■ EXERCISE INSTRUCTIONS
In how many lines of the data below does the word "Morelia" appear? Reply with the number and nothing more.
----------
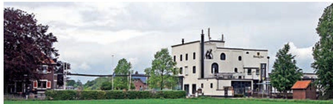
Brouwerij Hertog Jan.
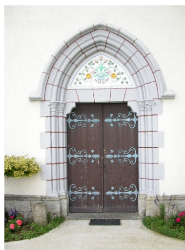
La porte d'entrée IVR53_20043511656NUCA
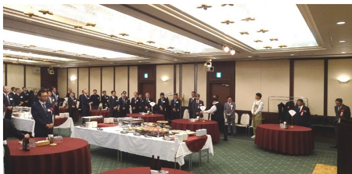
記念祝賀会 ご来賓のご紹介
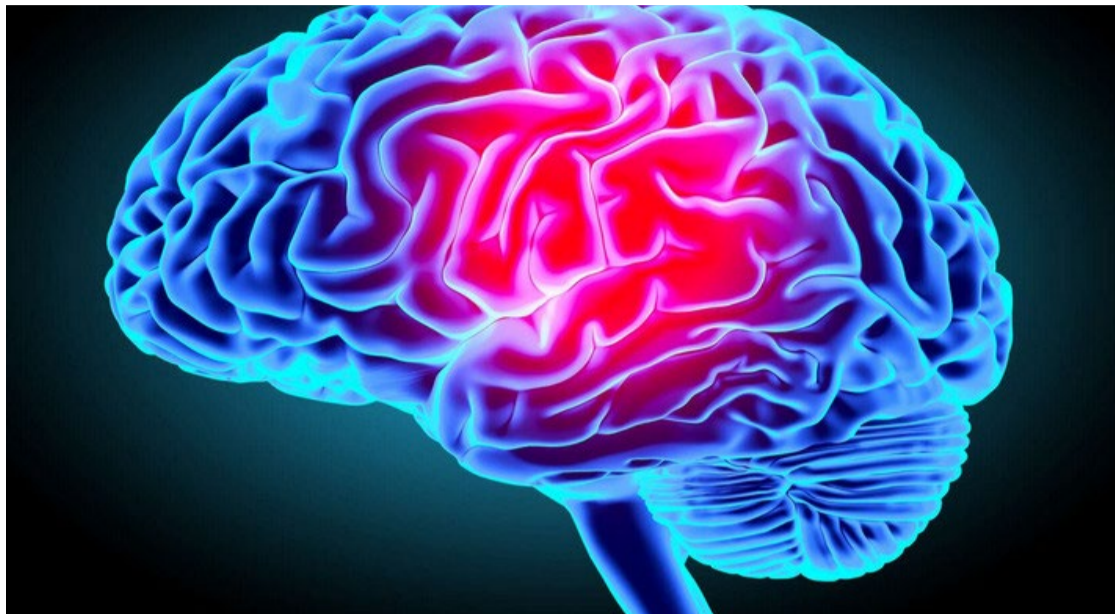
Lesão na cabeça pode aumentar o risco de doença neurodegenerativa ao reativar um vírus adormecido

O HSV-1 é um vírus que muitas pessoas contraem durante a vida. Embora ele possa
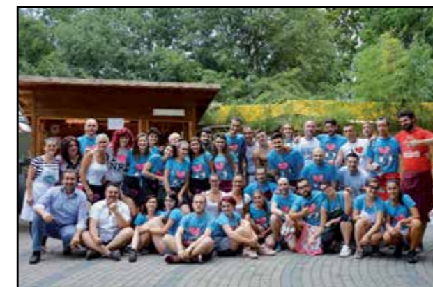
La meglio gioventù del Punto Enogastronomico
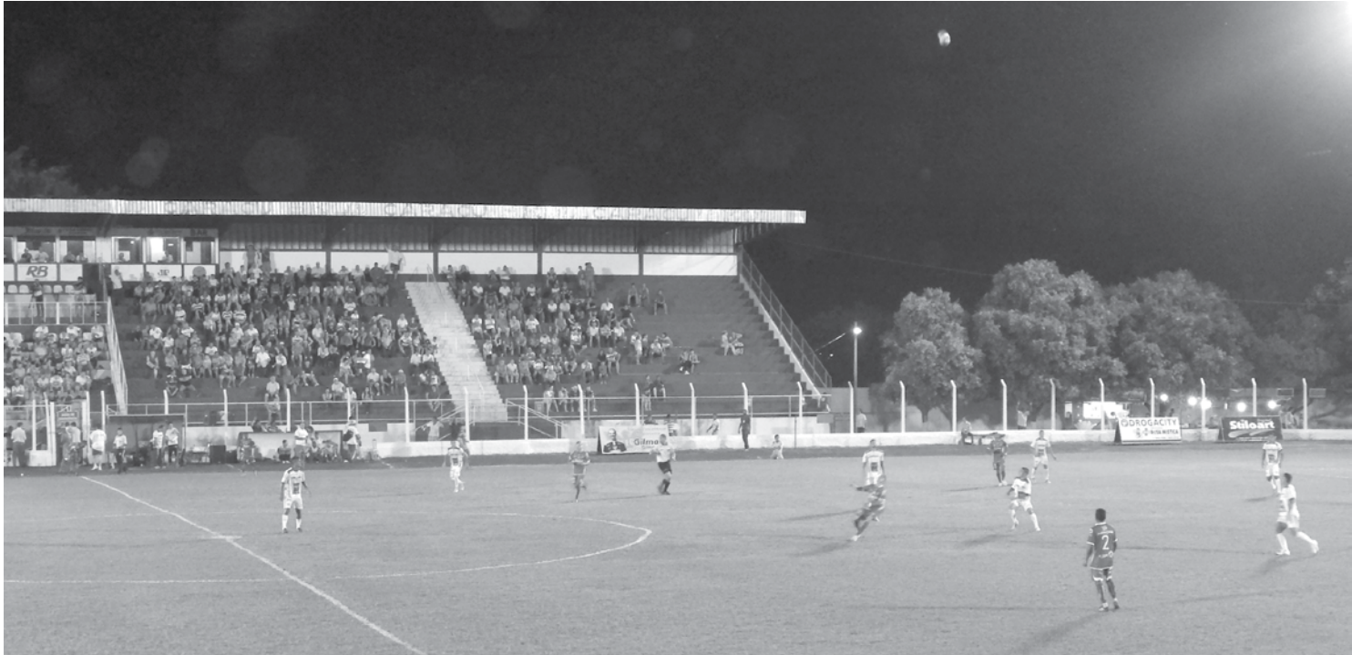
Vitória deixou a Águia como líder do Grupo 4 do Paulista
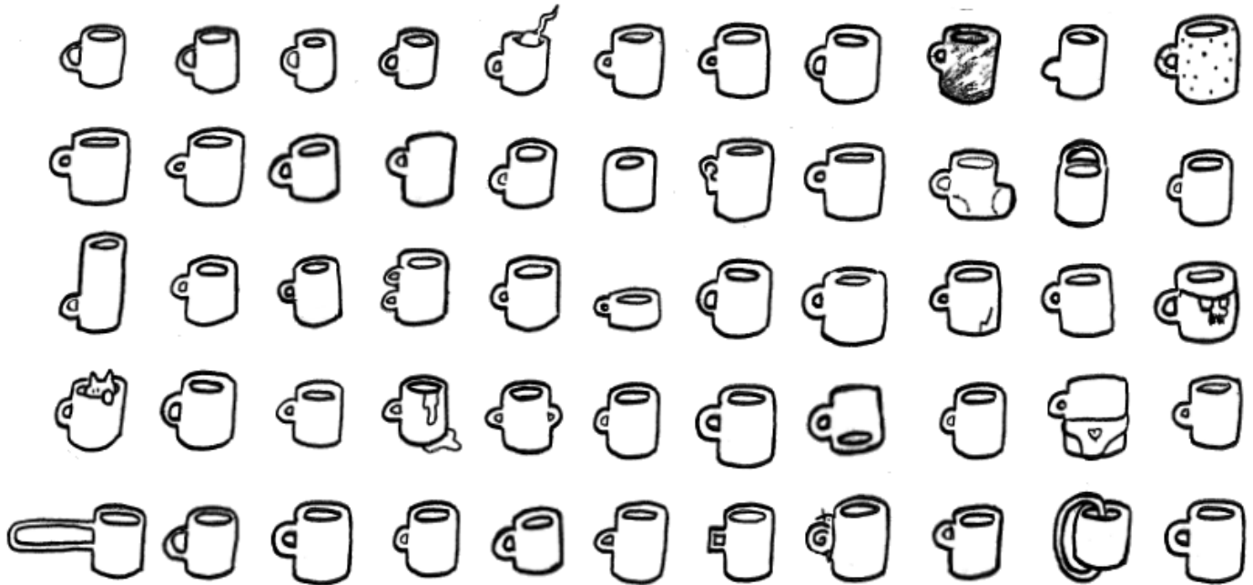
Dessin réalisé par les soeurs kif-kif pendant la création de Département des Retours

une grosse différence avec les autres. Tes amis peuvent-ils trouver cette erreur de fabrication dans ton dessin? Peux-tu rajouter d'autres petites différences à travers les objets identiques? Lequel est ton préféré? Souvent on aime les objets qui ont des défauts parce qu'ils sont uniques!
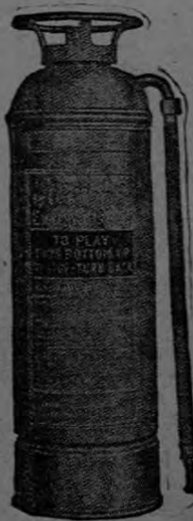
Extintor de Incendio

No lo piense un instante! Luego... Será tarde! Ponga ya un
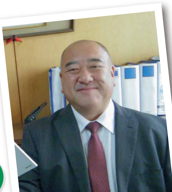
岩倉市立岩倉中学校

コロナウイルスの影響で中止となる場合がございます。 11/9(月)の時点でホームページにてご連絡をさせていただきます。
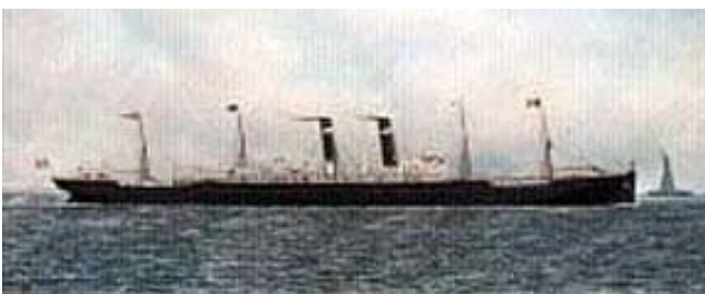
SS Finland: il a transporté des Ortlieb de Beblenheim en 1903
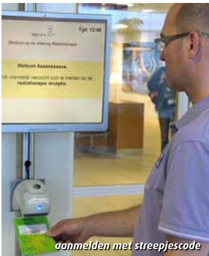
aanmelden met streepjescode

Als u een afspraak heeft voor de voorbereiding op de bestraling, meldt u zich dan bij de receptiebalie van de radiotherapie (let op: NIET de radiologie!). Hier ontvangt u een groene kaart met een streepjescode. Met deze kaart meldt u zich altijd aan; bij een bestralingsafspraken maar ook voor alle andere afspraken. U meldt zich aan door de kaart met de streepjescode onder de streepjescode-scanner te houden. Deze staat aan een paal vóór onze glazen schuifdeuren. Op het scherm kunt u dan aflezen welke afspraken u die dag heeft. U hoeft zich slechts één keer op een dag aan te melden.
----------
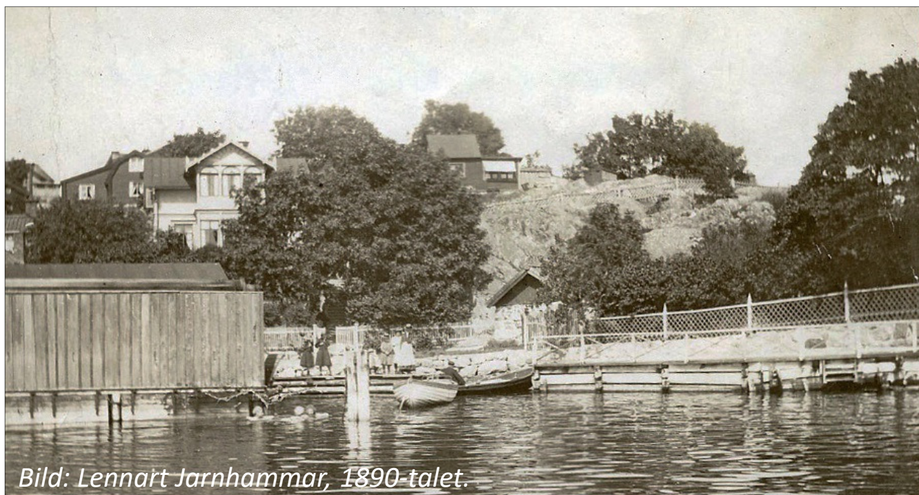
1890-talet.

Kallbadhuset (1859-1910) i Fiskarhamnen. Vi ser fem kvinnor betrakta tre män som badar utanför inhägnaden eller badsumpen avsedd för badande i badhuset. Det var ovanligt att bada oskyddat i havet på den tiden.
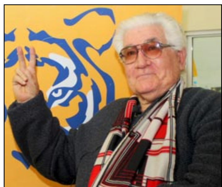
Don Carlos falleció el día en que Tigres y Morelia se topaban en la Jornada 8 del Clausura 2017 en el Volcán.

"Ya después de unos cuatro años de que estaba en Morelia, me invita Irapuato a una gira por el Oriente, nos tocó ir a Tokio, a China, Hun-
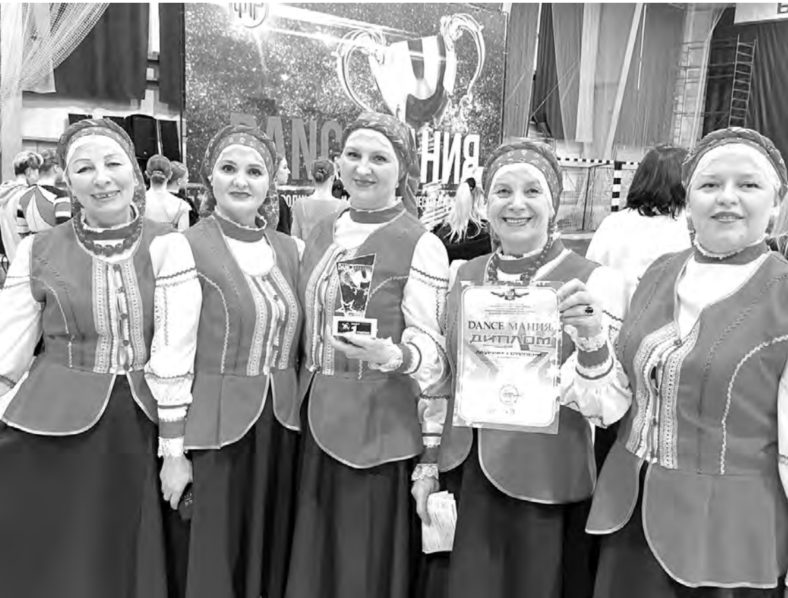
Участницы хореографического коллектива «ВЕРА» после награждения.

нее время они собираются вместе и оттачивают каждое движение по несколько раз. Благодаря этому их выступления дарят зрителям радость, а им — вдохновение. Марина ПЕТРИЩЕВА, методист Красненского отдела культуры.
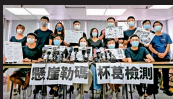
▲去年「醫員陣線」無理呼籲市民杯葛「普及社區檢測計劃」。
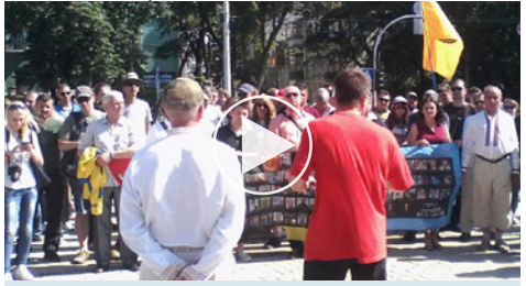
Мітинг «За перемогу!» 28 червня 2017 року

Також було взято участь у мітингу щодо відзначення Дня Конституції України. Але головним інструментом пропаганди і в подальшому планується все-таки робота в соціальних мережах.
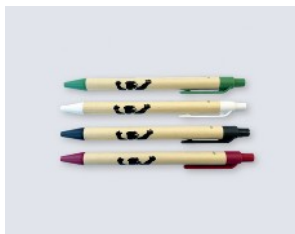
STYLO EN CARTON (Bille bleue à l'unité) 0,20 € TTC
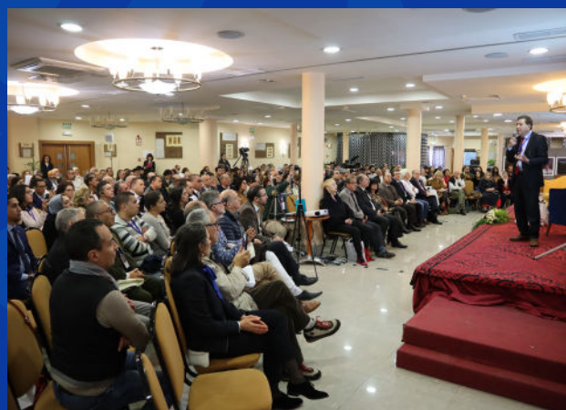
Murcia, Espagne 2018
----------
■ OUTPUT FOR THIS TASK
2